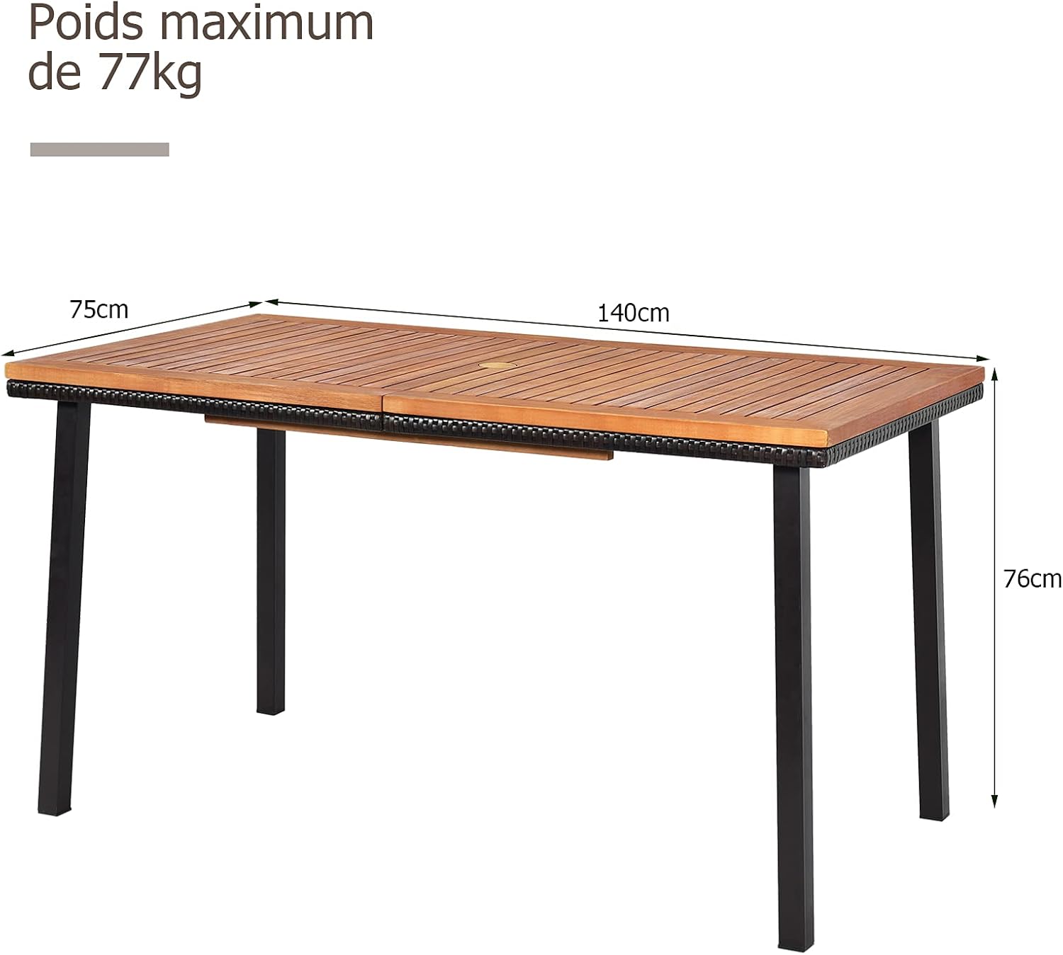 • Table jardin pratique : Avec une surface de 140×75 cm, notre table est assez grande pour mettre des articles, en ayant le trou de parasol, ce qui est idéal pour l'usage extérieur, tel que le pique-nique ou la réunion de la famille.
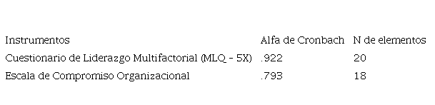 Una vez obtenida la información de la muestra, conformada por 97 participantes de 6 pequeñas empresas familiares de Colima y Villa de Álvarez dedicas al sector terciario, se realizaron pruebas de confiabilidad de los instrumentos, tal como lo muestra la tabla 1. Los resultados indicaron valores de 0.92 para liderazgo transformacional y 0.79 para compromiso organizacional.
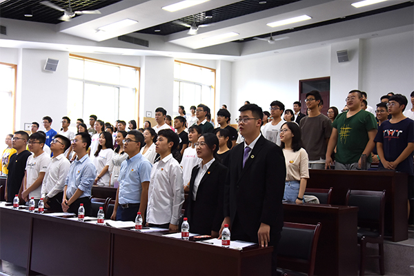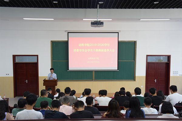 为加强学院团学工作的建设,促进团学队伍的壮大与新生力量的凝聚,提升团委学生会学生干部引领和服务广大学生的能力和水平。7月4日,学院在4323报告厅召开了2019-2020学年团委学生会学生干部换届选举大会。学院辅导员、2018届团委学生会干部、学生代表到场参会,学院党委副书记王力出席会议。
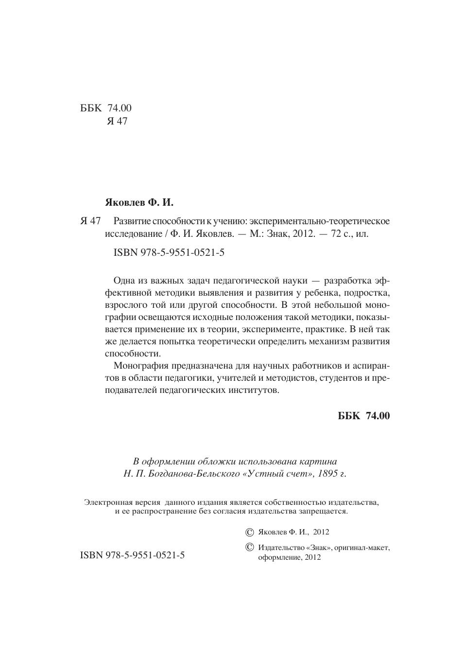 Одна из важных задач педагогической науки - разработка эффективной методики выявления и развития у ребенка, подростка, взрослого той или другой способности. В этой небольшой монографии освещаются исходные положения такой методики, показывается применение их в теории, эксперименте, практике. В ней так же делается попытка теоретически определить механизм развития способности. Монография предназначена для научных работников и аспирантов в области педагогики, учителей и методистов, студентов и преподавателей педагогических институтов.

WHAT YOU HAVE TO DO: Exactly the lines running from the one with "Una vez obtenida" through the end of the listing above must be output, both ends included. No pictures belong in the output.

SOLUTION:
 Una vez obtenida la información de la muestra, conformada por 97 participantes de 6 pequeñas empresas familiares de Colima y Villa de Álvarez dedicas al sector terciario, se realizaron pruebas de confiabilidad de los instrumentos, tal como lo muestra la tabla 1. Los resultados indicaron valores de 0.92 para liderazgo transformacional y 0.79 para compromiso organizacional.
 为加强学院团学工作的建设,促进团学队伍的壮大与新生力量的凝聚,提升团委学生会学生干部引领和服务广大学生的能力和水平。7月4日,学院在4323报告厅召开了2019-2020学年团委学生会学生干部换届选举大会。学院辅导员、2018届团委学生会干部、学生代表到场参会,学院党委副书记王力出席会议。
 Одна из важных задач педагогической науки - разработка эффективной методики выявления и развития у ребенка, подростка, взрослого той или другой способности. В этой небольшой монографии освещаются исходные положения такой методики, показывается применение их в теории, эксперименте, практике. В ней так же делается попытка теоретически определить механизм развития способности. Монография предназначена для научных работников и аспирантов в области педагогики, учителей и методистов, студентов и преподавателей педагогических институтов.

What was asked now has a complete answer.